Les élus locaux peuvent se retrouver sur un certain nombre de points du rapport de Jean-Cyril Spinetta. Mais sa perception du chemin de fer et de son rôle les inquiète au plus haut point, voire les agace. Son approche du réseau des petites lignes est purement économique. Il ne met pas en balance l’intérêt d’une desserte équilibrée du territoire pour les usagers.

Le réseau ferroviaire a un rôle primordial en la matière. Sa pertinence n’est pas uniquement réservée, comme semble le penser Jean-Cyril Spinetta, aux transports du quotidien en zone urbaine et périurbaine et aux dessertes à grande vitesse entre les principales métropoles. La mobilité est aussi essentielle pour les habitants des petites villes et des communes rurales. La suppression des petites lignes pour des raisons de rentabilité les exclurait de fait un peu plus de la modernité. Car il ne faut pas se tromper. Ce sont toujours les mêmes territoires qui sont concernés : ceux qui perdent déjà leurs services publics, leurs hôpitaux ou postes, qui voient partir les médecins, et où la téléphonie mobile est défaillante… Leurs habitants se sentent déjà un peu des citoyens de seconde zone. La suppression des dessertes ferroviaires ne ferait qu’accroître leur sentiment d’abandon. Ces citoyens attendent au contraire depuis de nombreuses années une amélioration de ces lignes.

On ne peut donc pas regarder le chemin de fer avec une vision comptable. Avoir une gare et un train qui la dessert n’est pas une question d’image de marque pour les élus. Cela permet de ne pas être coupé du monde. Les infrastructures utiles et structurantes doivent être conservées. Le train doit être maintenu s’il permet un confort et de meilleurs temps de transport que la route, ce qui est souvent le cas.
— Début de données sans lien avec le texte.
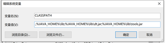 变量值:%JAVA_HOME%\lib;%JAVA_HOME%\lib\dt.jar;%JAVA_HOME%\lib\tools.jar
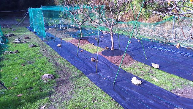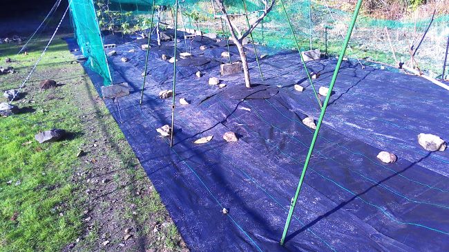 イチジクと柿の周辺を中華temuで購入した1メートル幅のロール防草シーで、

Les choses ne sont pas figées bien entendu. Si l’on peut prouver qu’une ligne de car peut remplir les mêmes fonctions sur une ligne quasi désertée, discutons-en. On peut aussi revoir les choses quand des évolutions technologiques offriront d’autres solutions, par exemple les véhicules autonomes qui pourraient même emprunter l’emprise de ces lignes, comme l’a suggéré le rapport Duron sur les infrastructures.

Les collectivités locales ont le sentiment qu’on veut leur faire supporter de plus en plus la prise en charge financière de ces lignes. Le rapport Spinetta préconise aussi de faire payer davantage les régions pour l’accès des trains TER au réseau. Voire de prendre en charge les lignes déficitaires si elles désirent les conserver.

L’approche de ce rapport est trop brutale. Heureusement, ce n’est qu’un rapport et je n’imagine pas le gouvernement mettre en œuvre cette partie des préconisations. Cela ne ferait que conforter certains technocrates qui estiment qu’il n’y a pas de salut en dehors des métropoles.